→ Exercise details:
Copy word for word, please, the lines of the entries below running from the one containing "Especialistas del Instituto" to the one containing "El IGP y el", both ends included.

→ The input:
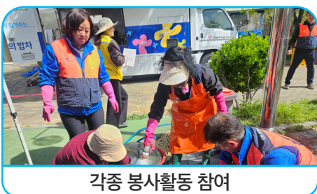
각종 봉사활동 참여
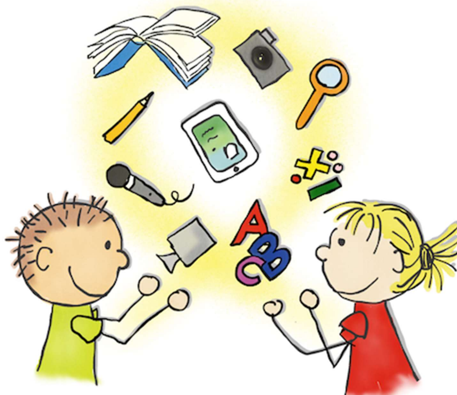
Abb. St. Maurer CC-BY-SA
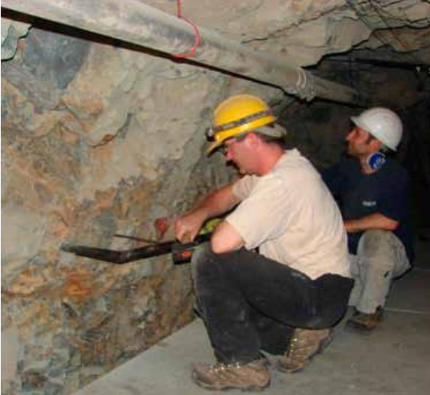
Especialistas del Instituto de Mecánica y Estructuras de Rocas realizan proyectos de manera conjunta con el área de Geodesia Espacial y peligros geofísicos.

El IGP y el Instituto de Mecánica y Estructuras de Rocas (IRSM) de la Academia de Ciencias Checa, a través del área de Geodesia Espacial y Peligros Geofísicos, han iniciado un proyecto de investigación científica sobre la deformación de rocas en zonas de fallas geológicas y su relación con eventos sísmicos.
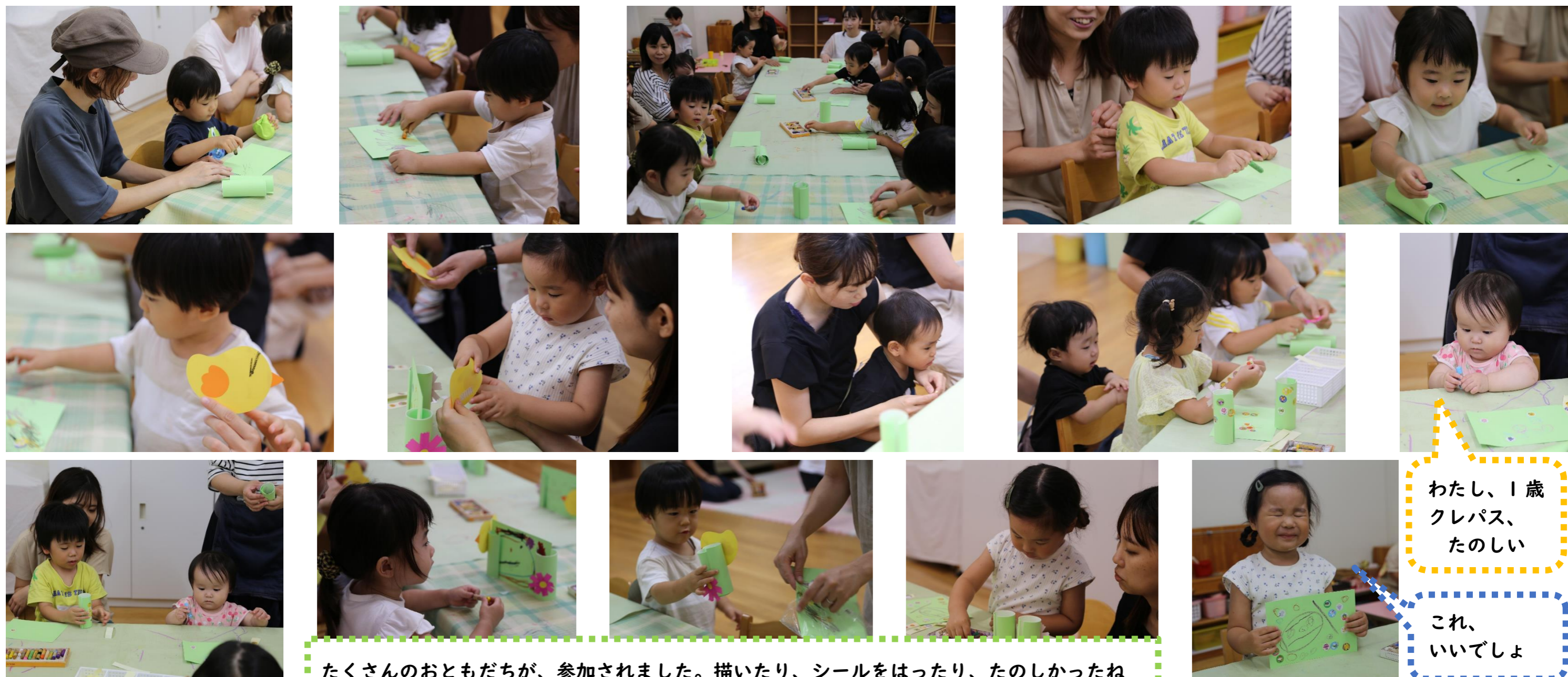
たくさんのおともだちが、参加されました。描いたり、シールをはったり、たのしかったね

→ Answer below:
Especialistas del Instituto de Mecánica y Estructuras de Rocas realizan proyectos de manera conjunta con el área de Geodesia Espacial y peligros geofísicos.

El IGP y el Instituto de Mecánica y Estructuras de Rocas (IRSM) de la Academia de Ciencias Checa, a través del área de Geodesia Espacial y Peligros Geofísicos, han iniciado un proyecto de investigación científica sobre la deformación de rocas en zonas de fallas geológicas y su relación con eventos sísmicos.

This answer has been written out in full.